> _DATA SEGMENT_
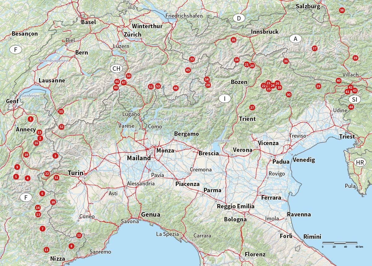 Es gibt hunderte Pässe und noch viel mehr anfahrbare Hochpunkte allein in den Alpen. Kein Wunder, dass sie zu den beliebtesten Zielen für Motorrad-Reisende gehören. Einige dieser Strecken, die zum Teil seit Jahrtausenden den Menschen einen Weg über die Berge weisen, sind selbst Legende. Mal ist es die Streckenführung, mal die überragende Landschaft, die eine Tour über solche Alpenpässe zum Genuss macht. Die Redaktion des Motorrad-Tourenmagazins ALPENTOURER hat 55 ihrer Favoriten zusammengestellt.
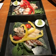 コースをいただきました。魚料理、野菜料理と各種揃っていて、見た目でも楽しめましたし、料理のボリュームもあり、満足できました。兵庫県が山の幸にも海の幸にも恵まれていることが実感できるお店です。
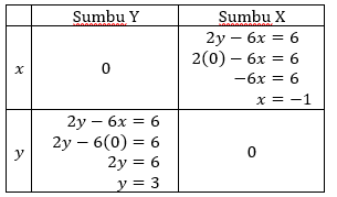 dengan menghubungkan titik potongnya pada sumbu X dan sumbu Y.

> _DIRECTIONS FOR THIS TASK_
Dropping every picture, restate the material word for word.

> _ANSWER FOR THE TASK_
 Es gibt hunderte Pässe und noch viel mehr anfahrbare Hochpunkte allein in den Alpen. Kein Wunder, dass sie zu den beliebtesten Zielen für Motorrad-Reisende gehören. Einige dieser Strecken, die zum Teil seit Jahrtausenden den Menschen einen Weg über die Berge weisen, sind selbst Legende. Mal ist es die Streckenführung, mal die überragende Landschaft, die eine Tour über solche Alpenpässe zum Genuss macht. Die Redaktion des Motorrad-Tourenmagazins ALPENTOURER hat 55 ihrer Favoriten zusammengestellt.
 コースをいただきました。魚料理、野菜料理と各種揃っていて、見た目でも楽しめましたし、料理のボリュームもあり、満足できました。兵庫県が山の幸にも海の幸にも恵まれていることが実感できるお店です。
 dengan menghubungkan titik potongnya pada sumbu X dan sumbu Y.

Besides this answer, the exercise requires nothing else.